Working in an emergency and intensive care unit was revealed to be one of three independent factors related to a higher rate of nurses’ occupational stress in multivariate logistic regression (OR = 4.97, 95% CI (1.82–13.52)) (Table 5). This finding investigates the fact that high workloads as well as the severity of patients in emergency and intensive care units are the most stressful factors for nurses. This is consistent with the findings of a survey conducted in Harar Eastern, Ethiopia, which found that nurses in intensive care units had the highest risk of occupational stress, with an adjusted OR = 4.5 (1.2–17.7) when compared to nurses in outpatient clinics [1]. The current study’s findings also lend support to findings from a 2020 survey of healthcare workers in 70 French hospitals’ intensive care units, which revealed that intensive care units with higher-intensity had higher levels of overall perceived stress [26]. Another study found that nurses in emergency and intensive care units were vulnerable to psycho-socio-emotional needs [29]. Another risk factor was the personal qualities of nurses. Those who had felt higher heavy duty for patients (usually or more frequently) had a higher risk of occupational stress (OR = 3.17, 95% CI (1.19–8.43)) than those who felt less heavy duty. When establishing a nursing department, this element should be considered. The final risk factor was income decline (OR = 3.03, 95% CI (1.26–7.27)), which was corroborated by the results of a 2020 survey in Turkey [30]. Income reductions had a negative impact on everyone, not just nurses. This factor, however, would be particularly serious for clinical nurses because it could have a negative impact on patient care quality. As a result, it must be concerned with the actual situation.
Limitations
Our study has several limitations. Firstly, because this was a cross-sectional survey, the direction of causality in associations between risk factors and nurses’ occupational stress is difficult to determine. Secondly, our study only included clinical nurses during the third wave of COVID-19 pandemic in Vietnam. Therefore, the results may not be representative of nurses in other roles, such as those who do not directly care for patients.

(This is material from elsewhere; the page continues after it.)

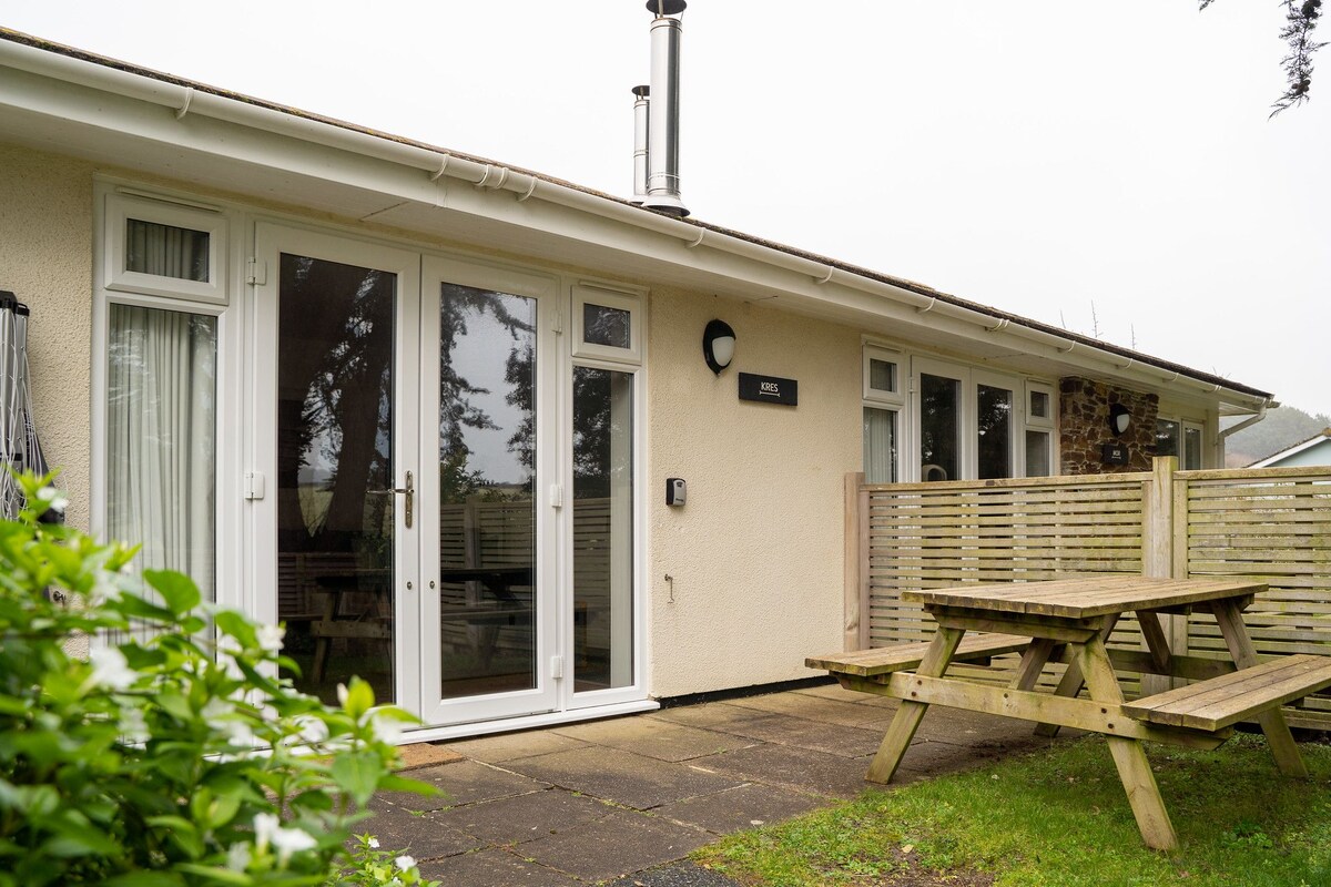 Inside, you'll find an open-plan kitchen, living, and dining area complete with a cosy log-burning stove and flat screen TV. The kitchen is fully equipped with an oven, hob, fridge freezer and microwave. The cottage offers a master bedroom with a double bed and TV, alongside a second bedroom with twin beds and a family bathroom with a shower over the bath. Plus, Kres Cottage is dog-friendly, so your furry friends can join the fun.

Finally, because the study was conducted at the National Hospital for Tropical Diseases, a tertiary infection specialty hospital, the staff and nurses had more experience and perspectives to deal with many communicable diseases and epidemics, such as the severe acute respiratory syndrome in early 2003, the outbreak of H5N1 avian flu in late 2003, the pandemic of H1N1 flu in 2009, and the measle outbreak in early 2014. Therefore, the influence of CCOVID-19 on nurses’ occupational stress in this study may be underestimated for nurses in other Vietnamese healthcare facilities.
Conclusion
The overall occupational stress level of clinical nurses at NHTD was at a mild level. Nearly one-third of nurses experienced moderate and severe stress levels. Occupational stress was reported by 50% of clinical nurses in the emergency and intensive care units, compared to 11.7% of nurses in other departments. The most stressors were associated with the subscales “Inadequate emotional preparation”, “patients and families” and “death and dying”. Working in an emergency and intensive care unit, feeling heavy duty for patients on a regular or frequent basis, and a drop in salary were the most common factors related to a higher risk of occupational stress among nurses. In this study, COVID-19 patient care resulted in a slight increase in the proportion of nurses experiencing occupational stress, but this increase was not statistically significant. However, given the context of this study, this should be approached with caution.
Acknowledgments
We would like to thank the clinical nurses in the National Hospital for Tropical Diseases for their contribution in this survey. We would also like to thank the Board of Directors of National Hospital for Tropical Diseases, for the permission to do this surveillance.